Петюня Раков, разносчик с четырехлетним стажем, сперва распределил пищу между царями природы: орлами и прочими сипами белоголовыми. А уж после вернулся к скворцу: показал майне кукиш, кинул в миску кусок окаменевшего сыру. Клевать сыр скворцу было неинтересно.
– Вы гляньте, какой гордый! Святым духом будешь сыт, долбак? Да я тебя…
– З-за Можай! З-загони майну з-за Можай!
– У, змей пернастый…
– Пок-к-кажи майне кук-к-киш! Зоос! Зоос!
– Молчи, балалайка!
* * *
В Москве, в зоопарке, объявилась диковинная птица. Разместили птицу в отдельном вольере, как раз напротив орлов. Те на пернатую мелочь внимания не обратили, и скворец-майна без особых тревог и нервных срывов зажил в просторном вольере один.
Как и полагается, первым делом вывесили табличку:
«Gracula religiosa religiosa.
С острова Борнео, питается… размножается…»
И все пошло своим чередом.
Однако вскоре по зоопарку разнеслось: скворец-то говорящий!
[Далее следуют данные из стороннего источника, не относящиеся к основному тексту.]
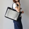 シボ型押しをした牛革で仕立てた大きなトートバッグです。
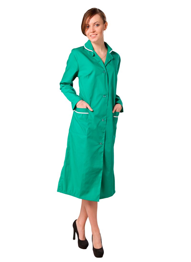Халат с центральной бортовой застежкой на пуговицы. Полочки с нагрудными вытачками, с двумя нижними накладными карманами. Спинка с хлястиком на 2 пуговицы, втачанным в боковые швы. Воротник отложной, с лацканами. Край воротника окантован белой косой бейкой. Рукава втачные, одношовные.
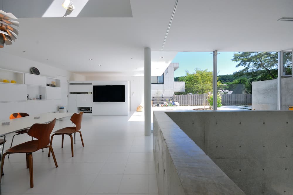 第2のリビングとでも言うべきゲストルームは、半地下部分に埋め込まれており、連続する外部空間も同様に半地下に掘り下げることで、溢れる緑以外余計なものは一切排除された、非日常的な空間となっています。
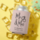 Dê uma torrada de casamento e seus convidados de casamento uma lembrança divertida mantendo o seu dia especial com este rosa pincelado personalizado pode resfriar com "Sr. & Sra." escrito em um grande roteiro e uma ilustração de dois anéis de casamento juntos. Adicione seu nome e data do casamento.
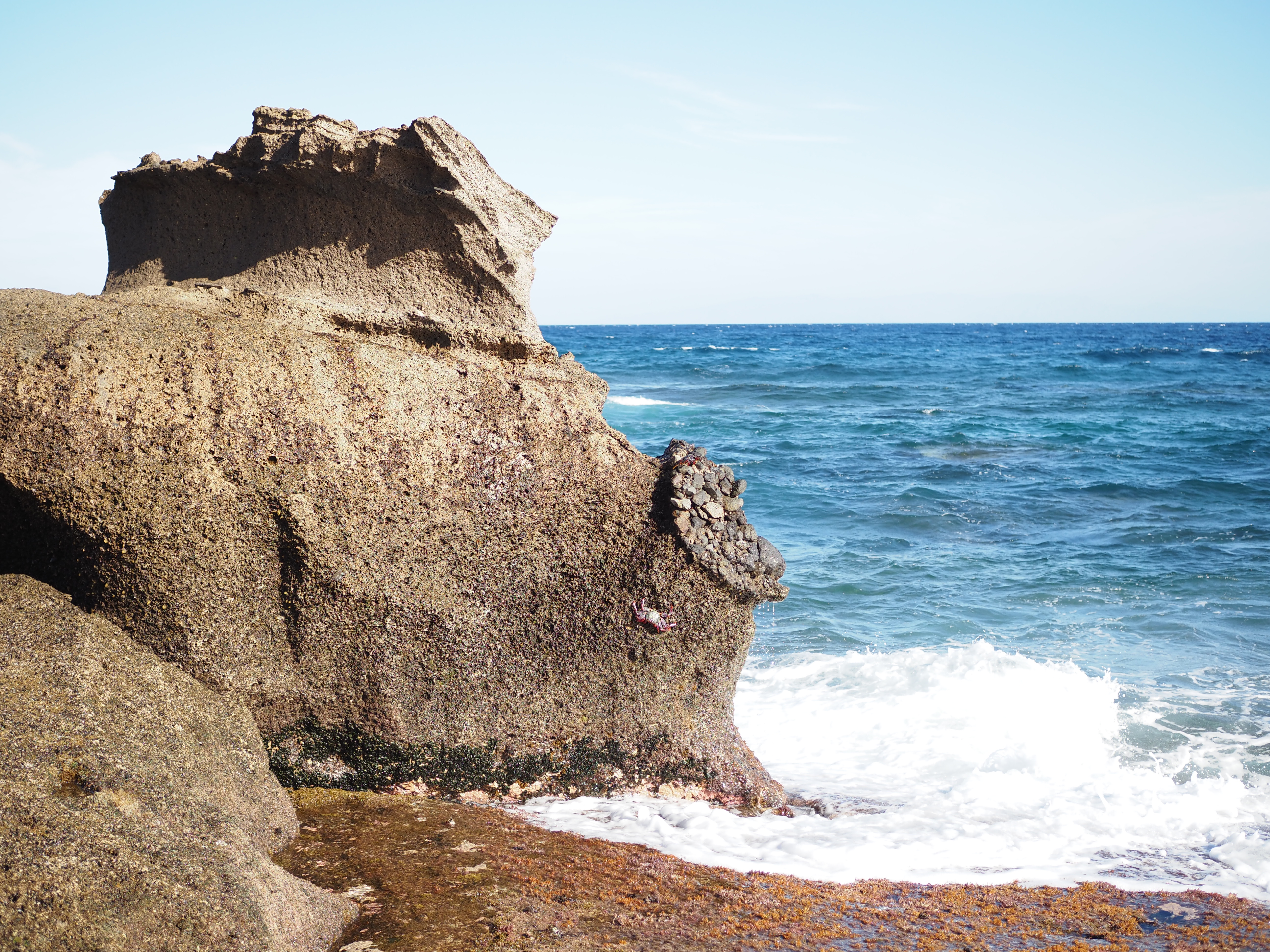 Auf der Suche nach einem Strand machten wir uns auf zum Playa de Tajao. Mietauto fix abgestellt und immer dem Meeresrauschen nach. Wir fanden den steinigen Küstenabschnitt und freuten uns wahnsinnig über die vielen Krebse, die erst bei genauem Hinsehen sichtbar wurden.
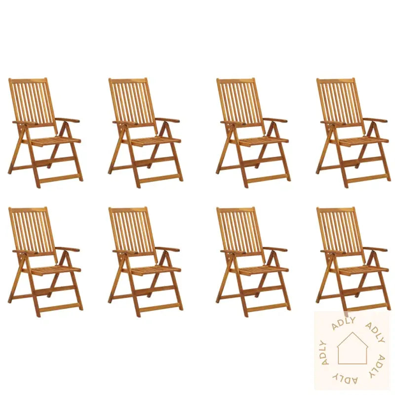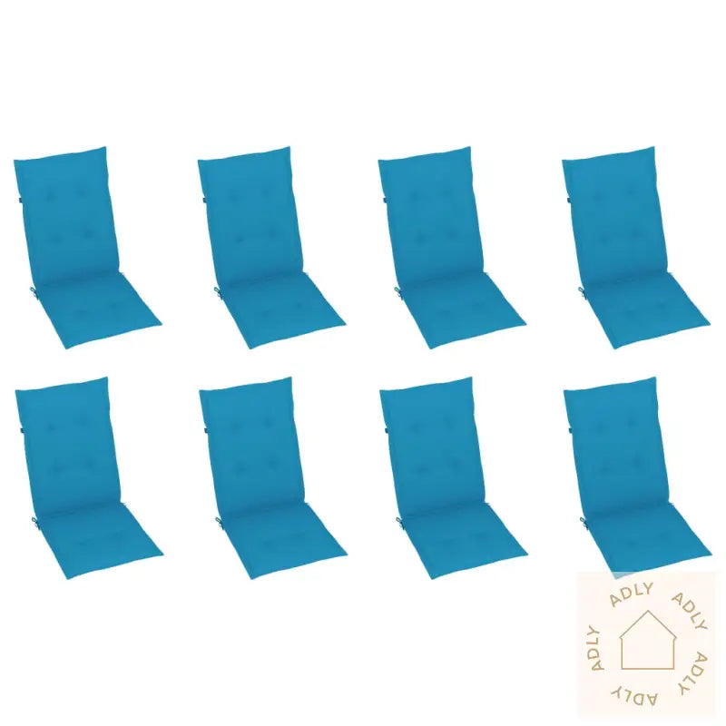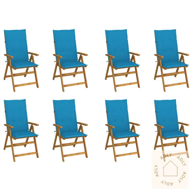 Farge pute: blåMaterialer benk: heltre akasie med oljefinishMateriale pute: stoff (100% polyester)Mål stol: 57 x 69 x 111 cm (B x D x H)Mål pute: 120 x 50 x 3 cm (L x B x T)Sammenleggbar for enkel oppbevaring og transportPuten har 1 elastisk stropp og 2 sett med tauMontering kreves: jaLeveransen inneholder:8 x hagestoler8 x puter

Скворец-майна был желтоух и синекрыл, а клювом обладал – багряно-красным. Говорил не так чтобы часто, иногда, словно через силу. Больше любил передразнивать гудки машин и велосипедные трели, которые издавал раздатчик Петюня, по утрам и в обед объезжавший свои владения на трехколесном итальянском драндулете марки Bianchi с латаными-перелатаными, но пока никем по-настоящему не исполосованными шинами.
Петюня ехал с распахнутым сердцем и, подражая московским рэперам, в полный голос скандировал: «Ах вы, звери, мои звери, звери сраные мои… Звери новые, хреновые, ус-сатые, полосатые…»
Никто Петюню особо не слушал. Но езда на драндулете воодушевляла его сильней и сильней: «Выходила молода за новые ворота, выпускала скворца, долбака и подлеца…»
В то мартовское утро скворец-майна на Петюнины дразнилки отвечать не стал: не дождется! Но когда скворец внезапно заговорил о своем, наболевшем, не только Петюня – даже федеральный судья Чмых, три-четыре старушки, плюс к ним третьеклассники брат и сестра Заштопины, которых без няньки в зоопарк отпускать попросту боялись, так гнусно они себя там вели, – в сладком ужасе застыли на месте.